Though many of you are too young to have experienced a shift in the way library research is conducted, it is important to note the extent to which technology—specifically the computer—has affected secondary research.  Even as recently as fifteen years ago, most libraries organized and kept record of their volumes using a card catalog.  Each source was typed out on a 3×5 index card and placed in long narrow drawers.  These cards were organized in a few different ways: by author’s last name, by subject, by Dewey Decimal number.  This meant that any one source might appear in three different places in the catalog.

Living in the computer age, you immediately recognize the benefit of technology in more efficiently organized media collections: 1) there is no need for all the physical space required to store the card catalogue; 2) a data base allows for automatic cross-referencing and eliminates the “need” for multiple entries of any one source; 3) multiple-users can access any part of the database simultaneously; 4) data base sharing dramatically increases the number of sources to which one has access.  Overall, it may seem that technology has made secondary research easier, and therefore better than it used to be.

Computer technology has certainly made library/archival research quicker and easier, but be careful before assuming that this shift in means of organization—from analogue to digital—means that there is nothing you can learn from the past.  When you use a computer in order to search for sources, the search you conduct is only as good as the key words or ideas you enter into the search boxes.  That is, if you have a difficult time finding useful sources, you will get no help from the computer in reconsidering your key words.  That kind of help, however, may present itself in the form of old ways.

If you are having a difficult time finding sources and identifying key words using a computer database or online catalogue, return to some of the methods of creative research associated with “pre-digital” research:

  • Rubbernecking: If all you can find is one or two sources, quit looking online for the moment and go directly to the library.  Take the call numbers any of the book sources you did find and use them as a guide to the shelves to start your search.
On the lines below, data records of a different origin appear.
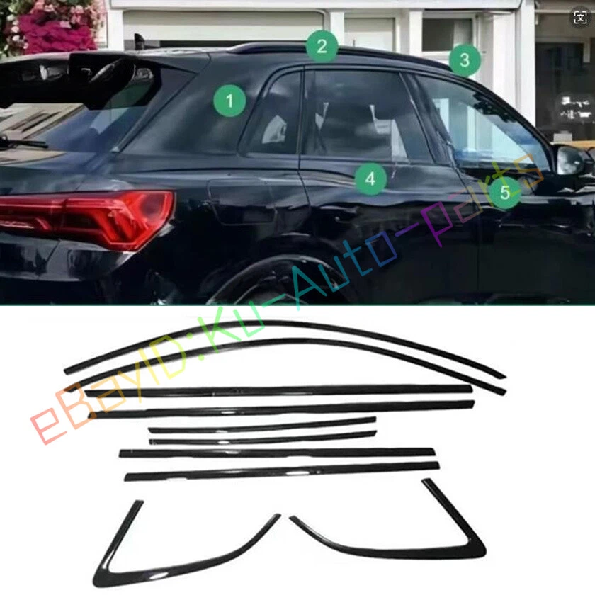 FOR Audi Q3 2019-2022 2023 steel black Windows Sill Molding Strip Trim 10PCS Attention: Because the same model car may be differently produced in different country. Please ensure the part of your car like our picture shows, or it will not fit, if any differences, please contact with us before purchase, thanks! Item Description: FOR Audi Q3 2019-2023 Condition: 100% Brand new (Sold as seen, please ensure suitability carefully before purchase) Color: black Stainless steel Made in an ISO 9001 facility to ensure good quality Package Include: 10 pcs/SET Easy installed and No modification needed, Adhesive tape is attached at the back Method Of Installation: Step 1 Please clean the area and eliminates the substance before mounting this product. Step 2 To check the installation area according to the vehicle with this product first and then release the back of 3M tape paper (double-sided tape, a label) is removed Step 3 Products are equipped on the vehicle with exactly and use a clean cloth to press evenly is attached. Step 4 Products within 24 hours after installed, please avoid washing your car and touching the water. Tips: If you not familar with DIY, please ask professional for help. Sub-zero weather during the winter, the adhesion 3M tape adhesion is getting weak .You could heat the place of 3M tape with a heat gun
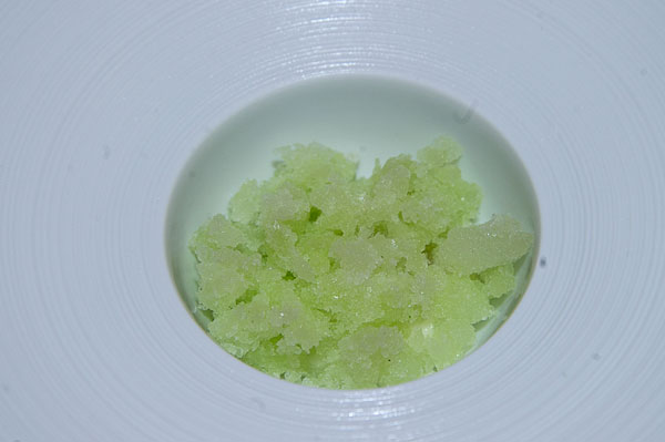 Pre-dessert: Espuma of Yuzu lemon, candied strawberry and jasmine, basil granité.
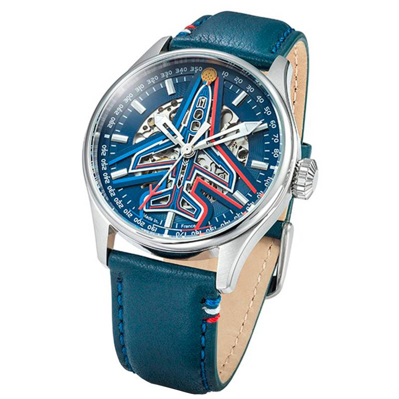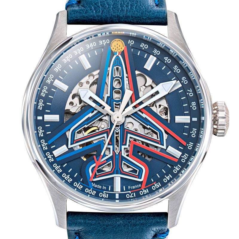 Cette création horlogère capture l'essence même de l'aviation avec son design inspiré de l'Alphajet emblématique de la Patrouille de France. Le cadran de cette montre se démarque par sa finition squelettée, permettant d'apprécier le subtil mécanisme à l'œuvre. Orné d'une couleur bleue, il incarne parfaitement l'esprit d'élégance et de modernité. Les aiguilles sont luminescentes, tout comme les index, garantissant une visibilité optimale en toutes circonstances. Le design du cadran est innovant, complétant parfaitement le caractère unique de ce garde-temps avec son bout de trotteuse en forme d'alphajet, un hommage parfait à l'aviation française.
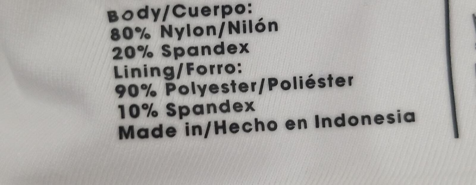 Material: 80% Nylon/20% Spandex; Lining: 90% Polyester/10% Spandex
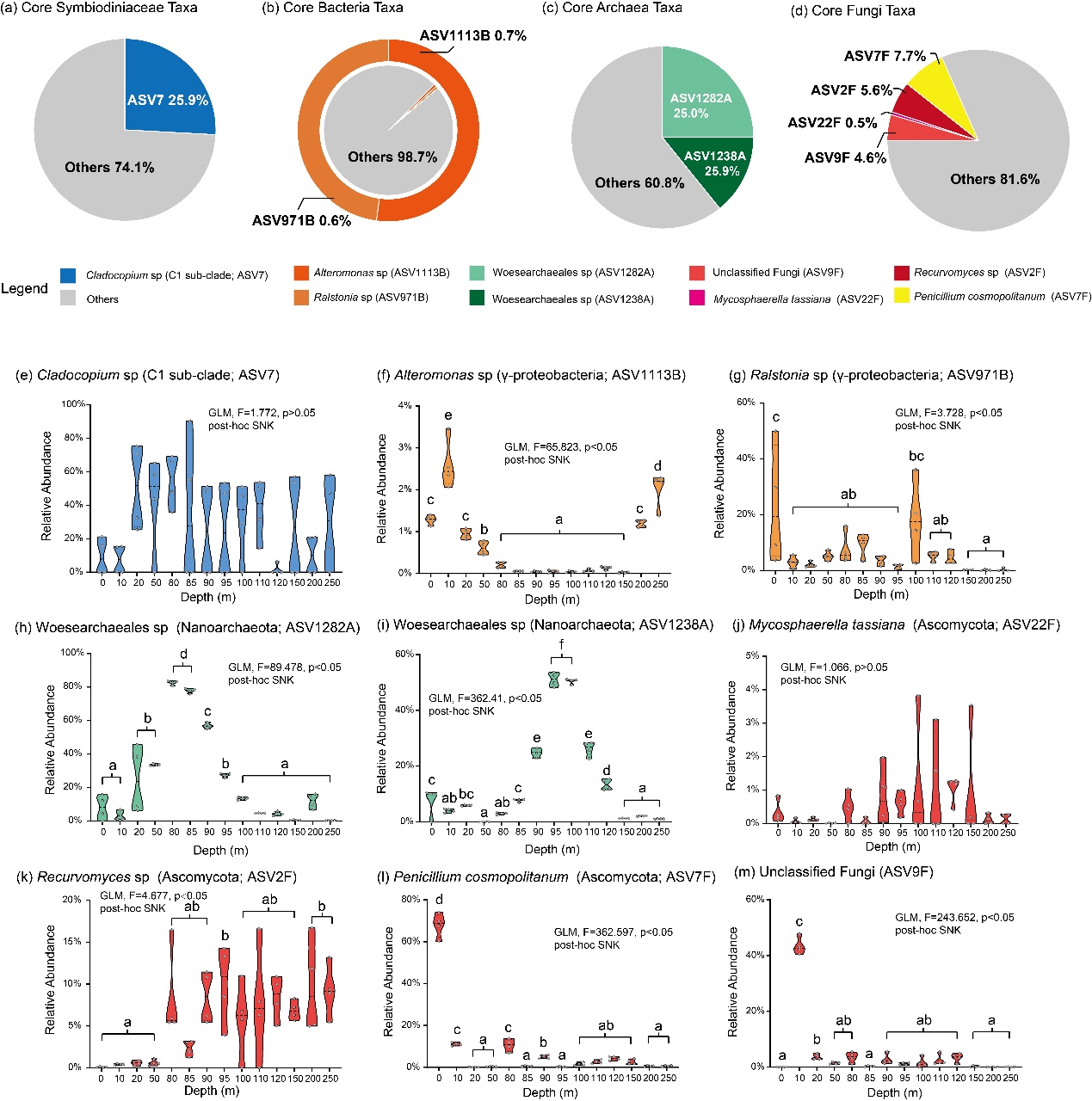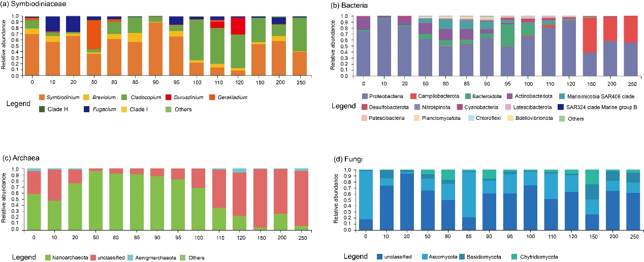 (3)三沙永乐龙洞水体的核心微生物群由虫黄藻(Cladocopium)、细菌(Alteromonas、Ralstonia)、古菌(Woesearchaeales)以及真菌(Mycosphaerella tassiana、Recurvomyces、Penicillium cosmopolitanum)共同组成,其稳定存在于跨越富氧层、化变层与深水厌氧层14个深度剖面的水体环境中。微生物进化、环境驯化以及共生体系构建是驱动核心微生物群具备极端环境适应能力的关键要素。

For example, if you notice that you have found a few 302.75 call numbers in your digital search, find that shelf in your library. As soon as you identify a source, or better yet a pattern, regarding where related sources may be shelved, go there. Take the time to “rubberneck” around in the shelves, looking at titles, Tables of Contents, and bibliographies. Be open to inspiration and to the possibility of finding something you didn’t even know you were looking for.
  • Bibliography plundering:  If you have the experience of finding one “really good” source, look to that source for more answers.  Plunder the Bibliography or Works Cited pages of that volume and go and get the sources that author uses in order to make his/her argument.  Of course it is best to skim the source you have, to read enough of it in order to identify some of the more relevant citations of that author before randomly choosing alternate authors from the Bibliography.  You may want to read through some of the professional ethnographic writing included in Chapter 16 and begin some of your plundering – for sources, for key words, etc.– there. Sometimes it is difficult for some students to understand that Bibliography plunder is not cheating.  It is a strategy for tracing the logic of an academic argument.  You find a relevant work and then that work makes clear to you the works the author found relevant, etc.  This is the process of knowledge building that researchers participate in.

For best results, combine the two hints above with a digital research process.  Technology provides you with speed and access, but it cannot do the thinking for you.  The physical act of going to shelves, of looking through books, inspires thought, helps you to look for connections between and among ideas.  The collection of secondary sources should be thought of as an active pursuit.  This isn’t something you can count on accomplishing in the time and space of a single class, or on your lunch hour.  You will need a lot of time and a decent amount of energy in order to find sources worth reviewing.  However, if you engage in creative secondary research for your project, you will achieve a certain level of comfort with library research.  And, who knows, you may even come to find the whole process enjoyable!